Glendon Iron Company
- Trade name: Glendon Iron Company
- Industry: Iron production
- Founded: 1842
- Founder: Charles Jackson, Jr.
- Defunct: 1896
- Fate: Failed in 1896
- Key people: Charles Jackson, Jr., William Firmstone, Francis Cabot Lowell II
- Products: Pig iron
- Production output: 7000 tons per year
- Owner: Charles Jackson, Jr. (initially)

= Glendon Iron Company =

The Glendon Iron Company was an iron company in the Lehigh Valley, in Pennsylvania, in the United States. It was the second iron furnace in Lehigh Valley to be fueled by anthracite. The company was established in 1842 and disestablished in 1896. Its leaders were primarily based in Boston and Hazleton. The company's main methods of export were via the Lehigh Canal and the Morris Canal. The company started out with a single furnace, but eventually came to own five furnaces.

==Description of the furnaces==
The first furnace of the Glendon Iron company received its power from two waterwheels in the Lehigh Canal. The waterwheels were 15 ft in diameter. The waterwheels powered a pair of horizontally positioned blast cylinders. The second furnace to be built was 45 ft high. Its bosh measured 10 ft by 14 ft. After 1850, it was powered by a common blast. The common blast was powered by both steam power and water power. The third furnace to be built was the same height as the second. However, its bosh was 14 ft by 16 ft. This furnace was powered by the same common blast as the second furnace. The fifth furnace had a stack that was 75 ft high. It had a bosh that had a diameter of 18 ft. The stack was made of sheet iron. This was the most productive of the furnaces owned by the Glendon Iron Company.

In 1874, the first furnace of the Glendon Iron Company was rebuilt by William Firmstone with the intent of modernizing it. After being rebuilt, the furnace was 63 ft tall, and its bosh had a diameter of 18 ft. In 1881, the second and third furnaces were rebuilt by Frank Firmstone, William Firmstone's son. The purpose of the rebuilding was again to modernize the furnaces. After being rebuilt, the furnaces were both 80 ft tall. They had boshes that were 18 ft in diameter. All of the first three furnaces were modernized once more in between 1887 and 1889.

==History==
The Glendon Iron Company was established in 1842. The land was secured by the Boston businessman Charles Jackson, Jr. The company began to produce pig iron in 1844. A second furnace was built in 1846. The third furnace belonging to the company was constructed in 1850. In 1852, the company purchased the Teabo mine in Hibernia, New Jersey. They stopped using this mine in 1892. Charles Jackson, Jr. bought the South Easton Iron Furnace for the Glendon Iron Company in 1854. The company was incorporated in 1862. A total of five furnaces were owned by the company by 1868. The company began to decline in 1884. It bought steam-blowing engines from the I.P. Morris Company in 1893, but failed to stop the decline.

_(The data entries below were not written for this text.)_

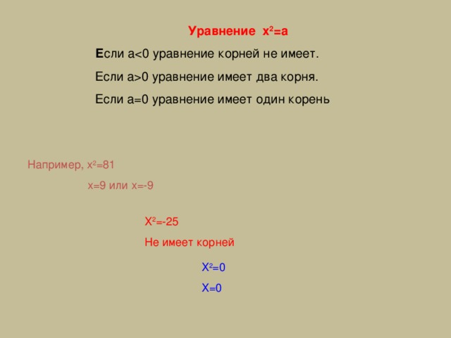 0 уравнение имеет два корня. Если а=0 уравнение имеет один корень Например, х 2 =81 х=9 или х=-9 Х 2 =-25 Не имеет корней Х 2 =0 Х=0 " width="640"
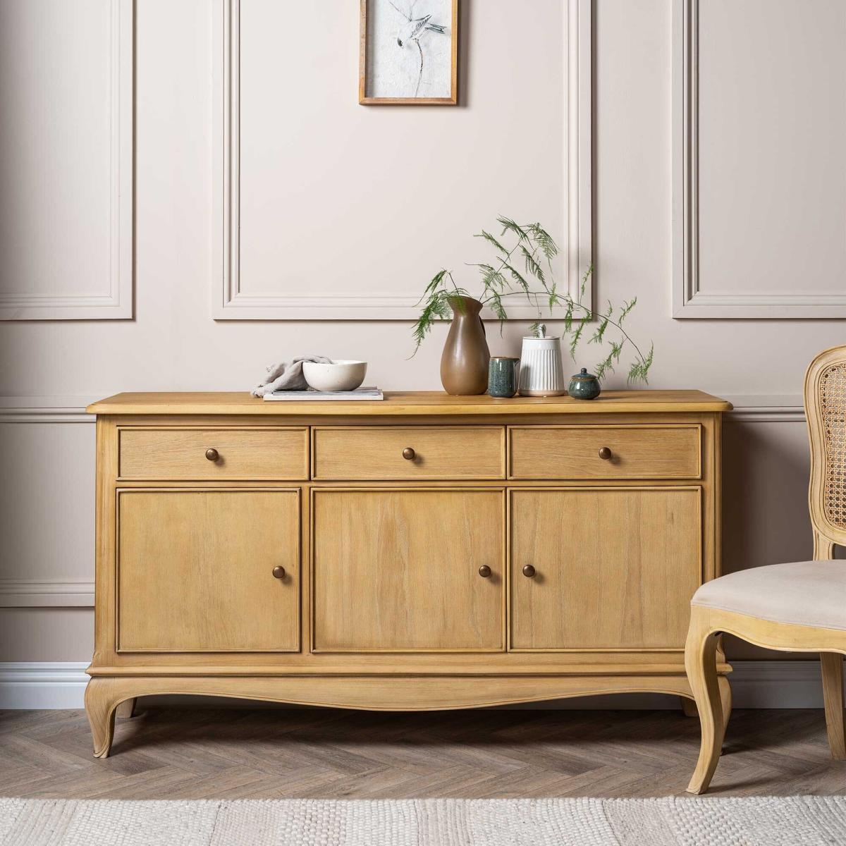 I love the Loire sideboard for its warm mindi finish and simple, sturdy lines - it sits equally well in classic country schemes or pared-back Scandi interiors. The three drawers and triple-door cabinet offer flexible storage for tableware, linens or home-office bits, so you can keep surfaces clear and clutter out of sight. Styling-wise, keep the top minimal: hang a round mirror or slim artwork above, then add a couple of ceramic vases or a small potted plant for texture. Inside the cupboards, pop in woven baskets or fabric boxes to organise smaller items and make the most of the generous depth without hiding the elegant curved apron and legs.
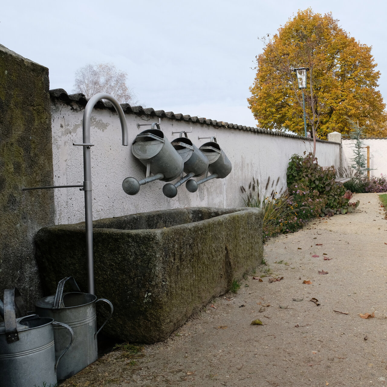 Umgesetzt in sandgestrahltem Beton, Messing und Granitkies, fügen sich Gedenkort und Gräber in den landschaftlichen Rahmen des Bestands. Mit neuer Brunnenausstattung, jahreszeitlich abgestimmter Bepflanzung und ergänzenden Wegen entlang der Außenmauern zeigt sich der ergänzende Friedhofsbereich als stimmungsvoller „Urnengarten“. (Text: Architekt:innen)
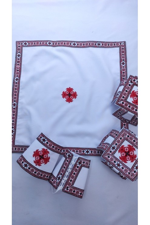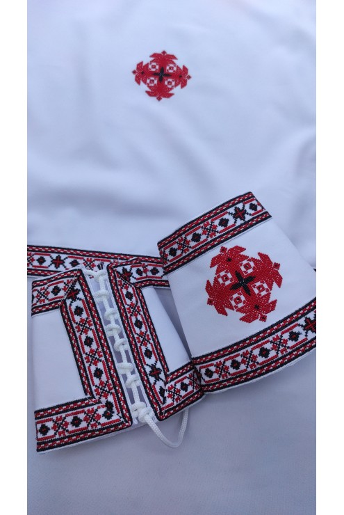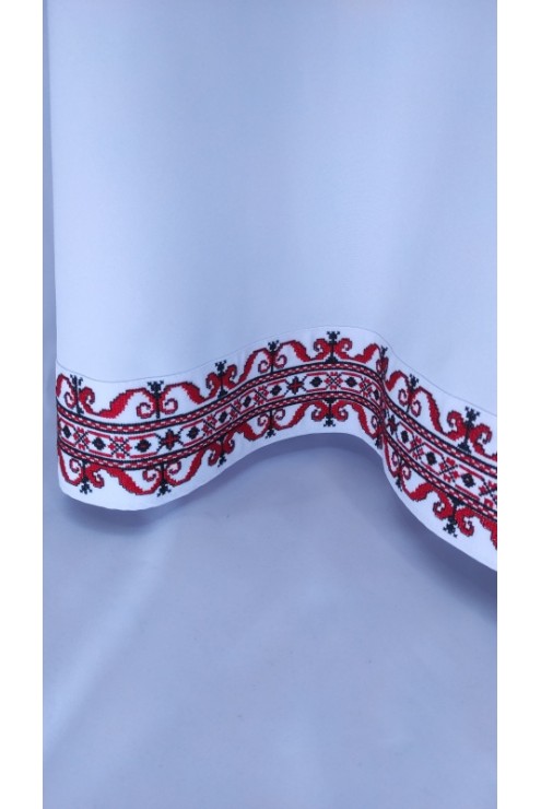 - Тканина габардин, вишивка виконана в червоно-чорних тонах.
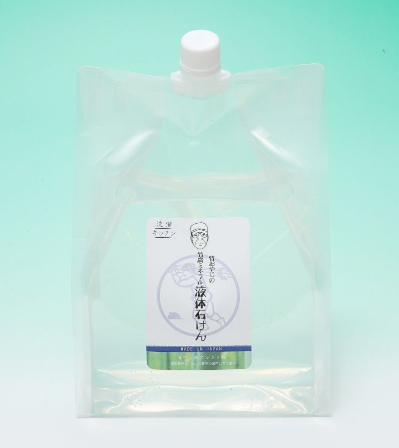 【お得な詰め替え用サイズ】 竹炭ミネラル水を配合した匠の液体石けんです。 衣服の洗濯、食器洗い、キッチン周りの油汚れ、頑固な汚れや、襟・袖口の皮脂汚れに部分洗い用としてもお使いいただけます。 パーム油は使用しておりません。 [原材料]石けん素地(ヤシ油脂肪酸カリウム・大豆油)竹炭ミネラル水・竹炭灰ミネラル水(熊本県産) 一般社団法人経皮毒研究会様・池川クリニック院長 池川明先生にも応援いただいております『竹炭ミネラル水は、100%再生可能な天然資源で出来ています。 界面活性力を持つこの水は、日用品としても様々な用途に使えることでしょう。 また、竹を原料として活用することで、環境問題にも良い効果をもたらします。 「未来の子供達と地球のために」私達は、竹おやじの竹炭ミネラル水普及活動を応援しています。』 私たちの販売する「竹おやじ」の竹炭製品とそのコンセプトに共感いただけ素敵な応援メッセージをいただけました。 応援メッセージにも書いていただきました 「未来の子供達と地球のために」はまさに、「竹おやじ」が思い描く「本物の暮らし」の先にある姿です。 多くの皆様に共感いただけ、一緒に未来について考え実行できたら素敵だと思います。 竹おやじとは 竹炭ミネラル水 竹おやじとは、「熊本から世界へ!」を掲げ、国内外で活躍している匠の炭焼き職人、末廣勝也さんのこと。 炭焼き職人の父の跡を継ぎ、子供の頃から竹炭の生産に携わる。一時中断の後、放置竹林の問題で多くの人びとが困っている状況を知り再開。以降九州竹炭生産振興会の会長を歴任。 炭焼き窯造りと炭焼き技術において、日本の匠十人に選ばれる。その卓越した炭焼きの技術を、ボランティアで、中国・ネパール・ミャンマーなどに自ら赴き伝授する。 2021年、木竹炭の活用を広めるため「日本炭焼き学校」を設立。現在、日本古来の炭焼き技術を継承するため入学者に無償で指導している。 2022年7月、里山や森林保護に活用するためドローンの操縦資格試験に挑んで見事合格! 竹炭ミネラル液体石けんの概要 竹おやじの竹炭ミネラル液体石けん(無香料)は、ヤシ油、大豆油を原料としたカリ石けん素地(ヤシ油脂肪酸カリウム)に、竹おやじの竹炭ミネラル水を配合した手肌にもやさしい無添加液体石けん。 竹炭ミネラル水と石けん(ココナッツ石けん)のダブル効果で汚れを落とします。竹炭ミネラル水だけでも洗浄力はありますが、石けんを加えたことでより高い洗浄力が期待できます。 キッチン用に使うと、石けんとは思えないほど油汚れも良く落とせます。洗濯に使うと、生地を傷めず柔軟剤不要でもふんわりと仕上がります。いずれも合成洗剤とそん色なし。 食器洗い、キッチン周りの油汚れ、衣服の洗濯、襟・袖口の皮脂汚れや頑固な汚れの部分洗い用にお使い頂けます。 竹炭の製造者は、「熊本から世界へ!」を掲げ、国内外で活躍している炭焼きの名人「竹おやじ」こと末廣勝也さん。 使うメリット 「雨後の筍(たけのこ)」と言われるように、所狭しと出てくる筍。地下茎の伸長や成長スピードがとても速いので、竹林が森を浸食することで森林バランスが崩れ、里山の崩壊を招きかねない状況にもなっているエリアもあります。熊本の放置竹林の竹を伐採し、資源として有効活用することで森林保護にもつなげます。 ● 熊本の放置竹林の竹使用。竹の有効活用により、使うほどに森林保護につながります。 ● キッチン、洗濯、お掃除、浴槽やトイレほか、色々な洗浄に使えて便利。 ● キッチン用に使った場合、マイルドな泡立ちで油汚れも良く落とせます。 ● 合成洗剤とそん色ないお洗濯が可能。 ● 原料は「竹炭ミネラル水、竹炭灰ミネラル水、純石けん」。 環境にもヒトにもやさしくサスティナブル。 ● 竹炭ミネラルが、浄化槽のバクテリアを活かし、河川と海の浄化にも寄与します。 ● 排水による河川の汚染が少なく環境負荷を抑えます。24時間で生分解します。 ● 化学成分ゼロ。化学添加剤・柔軟剤・漂白剤・蛍光増白剤不使用。 ● 泡立ち控えめなのですすぎは1回でOK。節水・節電になります。 ● 生地を傷めず、柔軟剤不要でふんわりの仕上がりになります。 ● 洗濯物の臭いを緩和し、洗濯槽やホースのヌルヌル・悪臭・黒カビの発生を抑えます。 ● 雨の日の部屋干しでも生乾きのいやな臭いを発生させません。 ● 洗濯物への残留物なし。赤ちゃんやデリケート肌の方にも安心。 ● 「無臭」です。人工香料が嫌いな方も安心。 竹炭ミネラル液体石けん(無香料) このような方に一押し! 使用方法 竹炭ミネラル液体石けん(無香料) スポンジ等に本液を適量プッシュしてご使用ください。ほどよい泡立ちなのですすぎが簡単。節水にも貢献。台所洗剤としてだけでなく、レンジまわりの油汚れ、食洗機にも使えます。 アドバイス ひどい油汚れがある場合には、あらかじめ新聞やキッチンペーパーで油をよくふき取り、それからスポンジに水を含ませて
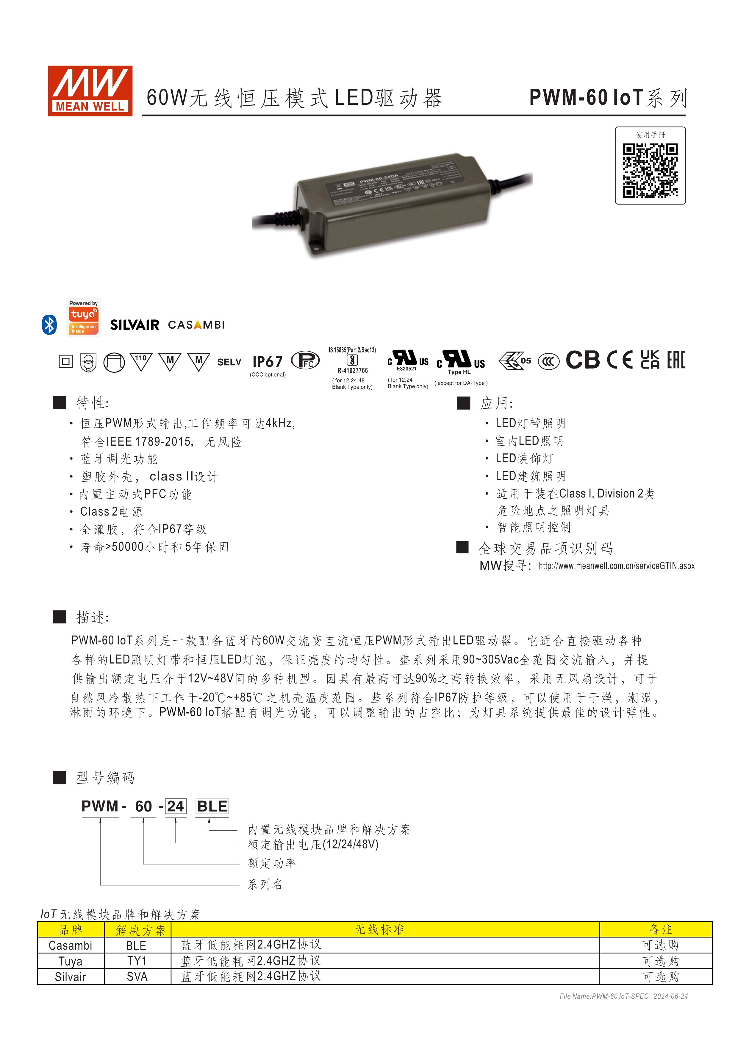 恒壓輸出模式多種可選 (PWM系列) 無頻閃設(shè)計 塑料外殼及符合Class II無地線設(shè)計 主動式PFC設(shè)計 雷擊保護耐壓設(shè)計2KV(L-N) 保護功能:短路、過電壓、過溫度

Due to a decrease in demand for pig iron and difficult economic times, the company closed in 1896. The buildings of the company's furnace were demolished at the beginning of the 1900s. The demolition was completed by 1914. The steam-blowing engines were bought by the Empire Steel and Iron Company. The land that the Glendon Iron Company was on were eventually regained by the Lehigh Coal and Navigation Company.

The Glendon Iron Company was the largest industry in the vicinity of Easton for large portions of the 1800s.

==Employees and leaders==
The leaders of the Glendon Iron Company were capitalists from Boston and Hazleton. The company was managed by William Firmstone. While under Firmstone's leadership, the company's furnace became one of the largest in Pennsylvania. When William Firmstone died in 1877, his son Frank took his place. Frank Firmstone resigned from the company in 1887. After Firmstone's resignation, John Thomas became the superintendent of the company. John S. Fackenthal succeeded Thomas for the position in 1889. By 1855, most of the residents of Glendon were employees of the company. The Glendon Iron Company was initially owned by Charles Jackson, Jr.

==Import, production, and export==
A large amount of the pig iron produced by the Glendon Iron Company was mined in Williams Township, Northampton County. The mines used by the company contained six mine shafts. These ranged from 250 ft deep for Shaft Number 6 to 325 ft deep for the Glendon Shaft and Shaft Number 3. The remaining pig iron was brought to the furnace from New Jersey, via the Morris Canal. Magnetite was also brought to the company from New Jersey. The finished product was then sent to the Morris Canal by the Lehigh Navigation company. From the Morris Canal, the iron was shipped by sea to New York City and Boston, where it was rolled into bars at the Glendon Rolling Mill and also made into finished products. However, after the Glendon Rolling Mill closed in 1857, the Glendon Iron Company began selling their iron to what was known as the Grey Forge market instead. By 1846, the company was producing 7000 tons of iron per year. Typically, the 25% of the raw ore being used by the Glendon Iron Company was magnetite from New Jersey and the remaining 75% was brown hematite from the nearby Williams Township.